I don’t know when it really started for me but I remember at the age of 13 years old being in my grandparents kitchen and my mom had me measure my thighs and she did the same, then kind of laughed at me saying her thighs were thinner.
Little did I know at the time my mom had strong anorexic tendencies then. That was the ‘70’s before internet or anyone really knowing about such things, and it contributed to me heading down a path of disordered eating and having body issues.
What also took me years to realize is that no two bodies are alike! My mom had nice breasts, carried her weight (if she had any) in her stomach area, had a flat bum and thin legs. I on the other hand have very small breasts, small waist, a bubble butt and heavier thighs. So very different.
Since that time I struggled with anorexia then bulimia for many years. If I wasn’t binging, I was exercising tons. It seemed like I was in a constant battle with my body, always hating the heavier, more athletic thighs, bubble butt, small chest that I had and being 5’2” on top of that. I felt child like many times.
I thought because I didn’t have a good size chest or cleavage, or because I wasn’t tall enough (and so on) that I wasn’t or couldn’t be sensual or womanly.
Yet nothing could be further from the truth!
In the past while I really started reflecting on what is shown to us as women from an early age from magazines, to advertisements to tv to clothing and realized how messed up it truly is. Usually leaving me feeling not good enough and / or not liking my body………..can you relate?
Where is it in our society that looks and fashion come before anything else and that one needs the perfect body? What is the perfect body and who decided what beauty is??
We’ve been programmed to believe that most if not all men love 5’10” blonde bombshells yet is it true?
We have been programmed to believe that without a label we are second class, or as the media may allude us to believe we are not good enough the way we are.
Now please don’t get me wrong, I love to feel and look good.
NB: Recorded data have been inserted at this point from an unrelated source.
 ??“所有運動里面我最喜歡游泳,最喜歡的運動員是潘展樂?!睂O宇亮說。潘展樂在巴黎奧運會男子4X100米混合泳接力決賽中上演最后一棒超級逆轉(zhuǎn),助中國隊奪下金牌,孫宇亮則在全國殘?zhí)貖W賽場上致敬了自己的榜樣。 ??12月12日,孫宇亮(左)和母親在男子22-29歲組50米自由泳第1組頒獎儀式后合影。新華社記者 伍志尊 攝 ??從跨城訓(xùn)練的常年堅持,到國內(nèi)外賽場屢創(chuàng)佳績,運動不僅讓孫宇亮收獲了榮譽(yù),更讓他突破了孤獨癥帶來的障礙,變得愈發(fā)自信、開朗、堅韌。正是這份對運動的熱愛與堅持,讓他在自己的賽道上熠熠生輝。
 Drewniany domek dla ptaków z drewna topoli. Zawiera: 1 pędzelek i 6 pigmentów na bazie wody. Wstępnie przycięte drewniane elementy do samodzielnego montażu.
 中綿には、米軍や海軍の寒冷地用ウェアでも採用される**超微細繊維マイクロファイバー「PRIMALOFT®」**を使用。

I take my health seriously by eating well. I dress for comfort and what I enjoy wearing, regardless of my age or what the fashion states as being in. And maybe that is just it – it’s my age. I’ve learned not to care what others think now.
Turning 50 last year has lead me to be able to sit and reflect on things in my life, the good and the bad, what I’ve done, not done, choices I’ve made and wasted energy in my life.
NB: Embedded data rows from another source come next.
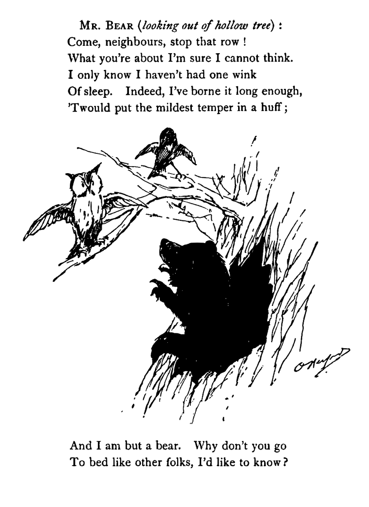 Dear Mr. Owl and Mr. Bear, good-bye! [Exit.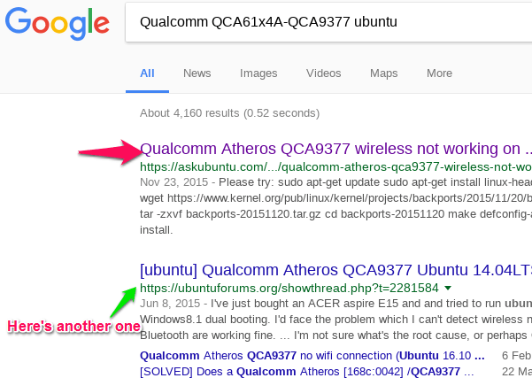 但是,高通的设备有时候可能会有些问题。我遇到过一两个,但是,它们都不是什么严重的问题。也就是说,当有问题时,去查找就是解决的一个好办法。因此,使用 Qualcomm QCA61x4A-QCA9377 做为关键字(使用一个适配器或者使用一个芯片名字的组合去查询这并不重要),并且增加一个像 linux 或者 ubuntu 这样的关键字在 Google 中去搜索它。如果像 Qualcomm QCA61x4A-QCA9377 ubuntu 这样去搜索,然后,Google 会列出很多结果。我收到的第一个结果是自来 AskUbuntu(一个社区驱动的网站,专门回答终端用户提出的问题,是一个解决 Ubuntu 相关问题的极好的资源)。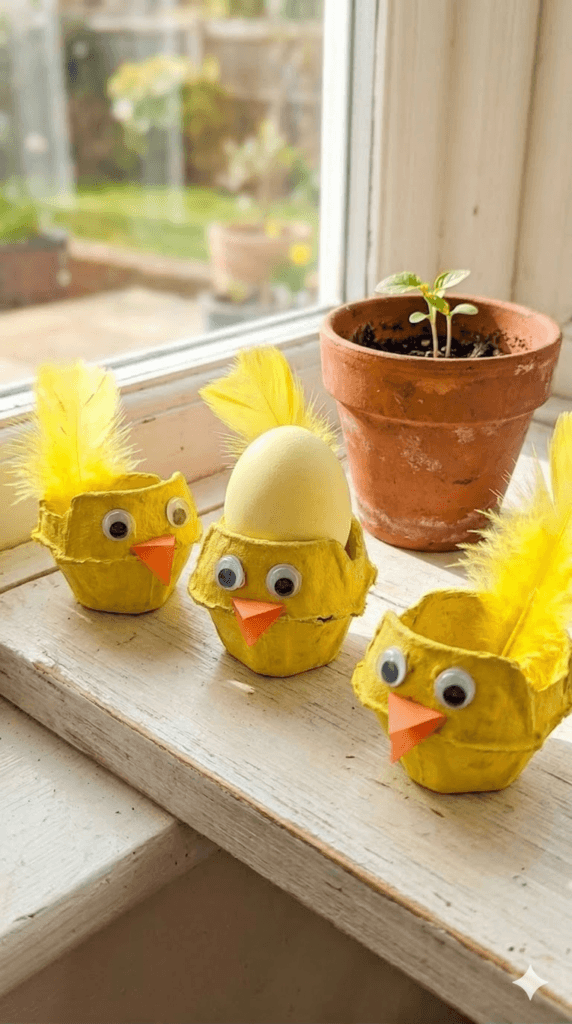 Description: A playful, eco-friendly craft for kids using recycled egg cartons, yellow paint, and fluffy feathers. It’s a great way to keep little hands busy on a rainy spring afternoon.

I spent way too much time hating myself or my body, exercising as punishment for eating the wrong foods, or hoping to thin out my thighs instead of for the sheer enjoyment of exercising and allowing my body to move and express. I wasted too much time worrying over foods I ate that I shouldn’t have or better yet buying into any of that media hype whether on tv or in a magazine that lead me to think I just wasn’t good enough!!
Too much wasted time!
We have to stop buying into the bs programming and we have to start asking better questions and we have to start loving ourselves and bodies more, that is my opinion.
We need the feminine to re-emerge fully in ourselves.
After all, if we don’t have the best relationship with ourselves how can we truly have an awesome relationship with another, based on truth and love.